→ **Dataset content**:

=======

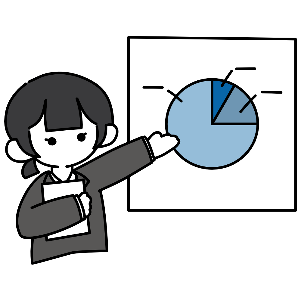 シンプルで使いやすいパワーポイントを使っている女性のフリーイラストです。 WEBサイト、資料、チラシなどにご利用いただけます。
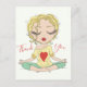 Merci avec un joli dessin animé d'une belle fille en position de lotus de yoga en méditation. Femme aux cheveux blonds avec de longs cils épais, chemise jaune avec un cœur rouge et pantalon de legging vert aqua à pois. Ouvrez votre chakra, Prenez soin de votre corps et de votre âme avec des méditations de yoga. Belle illustration féminine mettant en vedette la santé et pratiquant un mode de vie sain avec amour.
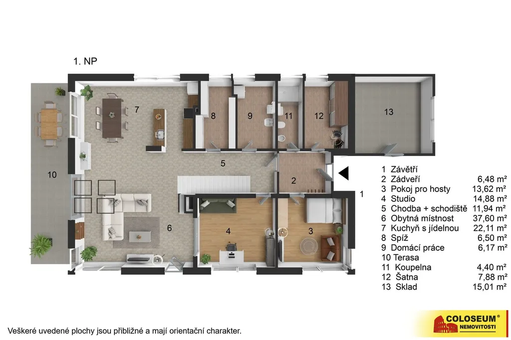 • Zahrada a terasa: 498 m²
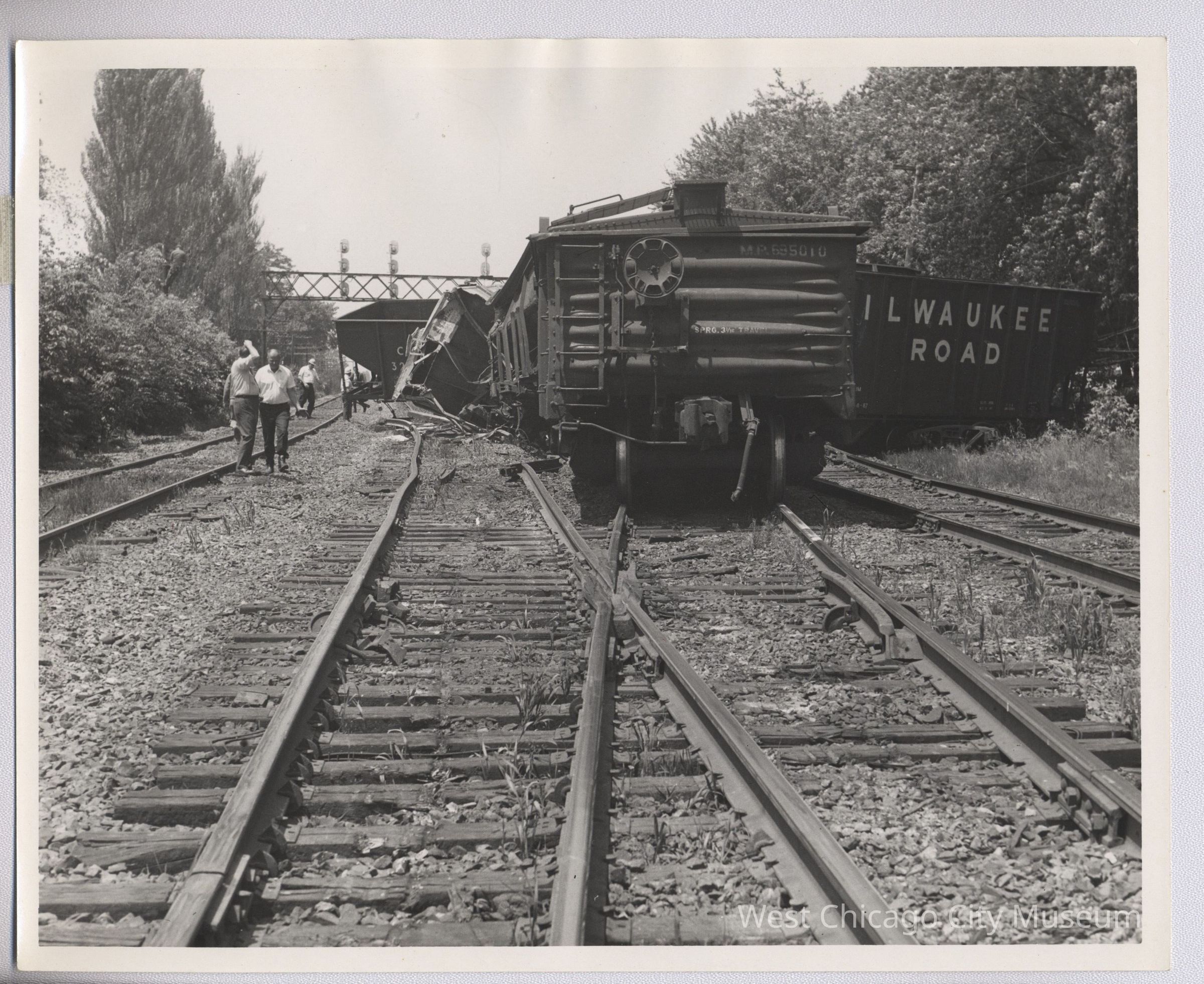 One of 7 Photographs: 8 x 10 B/W Glossy of train wreckage, west of JB Tower 6-5-1970, stamp on back R. G. Benson 321 Franklin St. Batavia, IllinoisPhotograph Details

=======

→ **Problem statement**:
Give back the listing exactly, without a single picture.

→ **Result for this exercise**:
 シンプルで使いやすいパワーポイントを使っている女性のフリーイラストです。 WEBサイト、資料、チラシなどにご利用いただけます。
 Merci avec un joli dessin animé d'une belle fille en position de lotus de yoga en méditation. Femme aux cheveux blonds avec de longs cils épais, chemise jaune avec un cœur rouge et pantalon de legging vert aqua à pois. Ouvrez votre chakra, Prenez soin de votre corps et de votre âme avec des méditations de yoga. Belle illustration féminine mettant en vedette la santé et pratiquant un mode de vie sain avec amour.
 • Zahrada a terasa: 498 m²
 One of 7 Photographs: 8 x 10 B/W Glossy of train wreckage, west of JB Tower 6-5-1970, stamp on back R. G. Benson 321 Franklin St. Batavia, IllinoisPhotograph Details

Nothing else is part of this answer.